This study aimed to determine the compromised acceptance threshold (CAT) and the hedonic rejection threshold (HRT) for consumers of sweetened coffee to propose a strategy to reduce the sucrose addition by studying the behavior of consumers of sweetened and unsweetened coffee. From the sample that showed the highest acceptance (control sample, with 12% added sucrose), it was possible to reduce the sucrose addition by up to 18% without compromising acceptance (CAT = 9.76%) and by up to 52% without promoting the rejection of the beverage (HRT = 5.61%). Consumers who were reducing the sucrose addition exhibited a reduction in CAT (6.54%). Consumers of sweetened and unsweetened coffee had different perceptions regarding the sweetened beverage, thus, research involving coffee consumption should be segmented between these two groups.

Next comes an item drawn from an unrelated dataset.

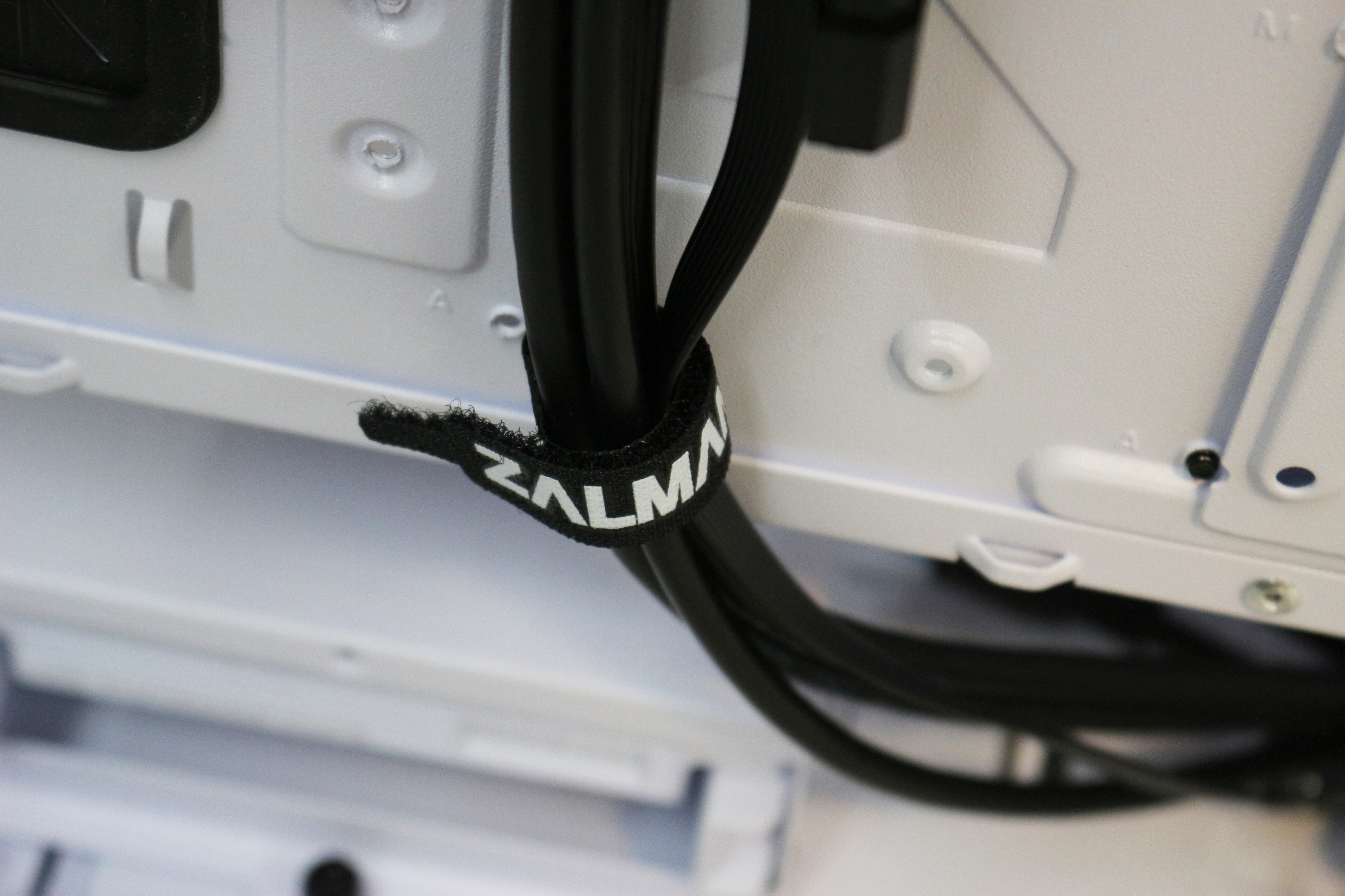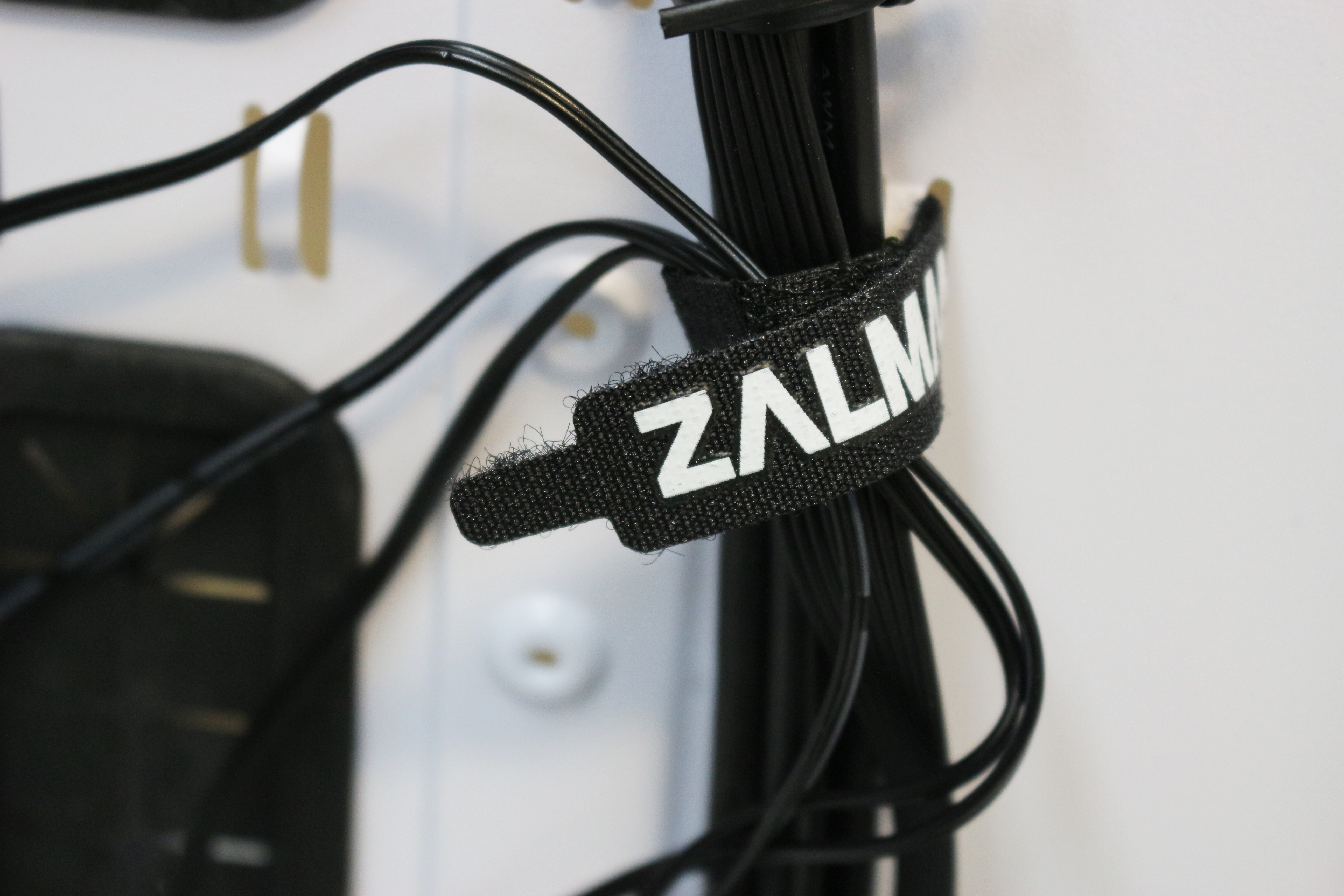 우측면 패널을 열면 전면 I/O 단자에서 나온 선들이 있는데, 잘만 로고가 있는 이쁜 찍찍이로 선정리가 되어있습니다. 보통 찍찍이는 중저가 케이스들에는 잘 없고 10만원 이상의 고가 제품들에만 들어가는데, 이 부분이 정말 좋았습니다. 욕심이지만 한 개를 추가로 줬으면 더 좋지 않았을까하는...

As a strategy, we suggest that the reduction of sucrose should be gradual and associated with information about its health benefits.

Practical Applications

The results are relevant for those interested in understanding the habits of consumers of sweetened and unsweetened coffee and providing an estimate of the tolerance of consumers of sweetened beverages when reducing the sucrose content in coffee beverages. Considering the volume and regularity of coffee consumption by Brazilian consumers, these findings can contribute to the development of a strategy to reduce sugar consumption. This information also supports the production sector in developing ready-to-drink beverages, prepared by industries and coffee shops or available in vending machines, indicating that the concentration of added sugar provided can be reduced, as long as a sufficient amount is maintained not to impair the acceptance of the beverage. Additionally, the data are important for sensory analysis researchers, enabling them to better adapt coffee beverage tasting conditions to consumer expectations and, thus, obtain more reliable results.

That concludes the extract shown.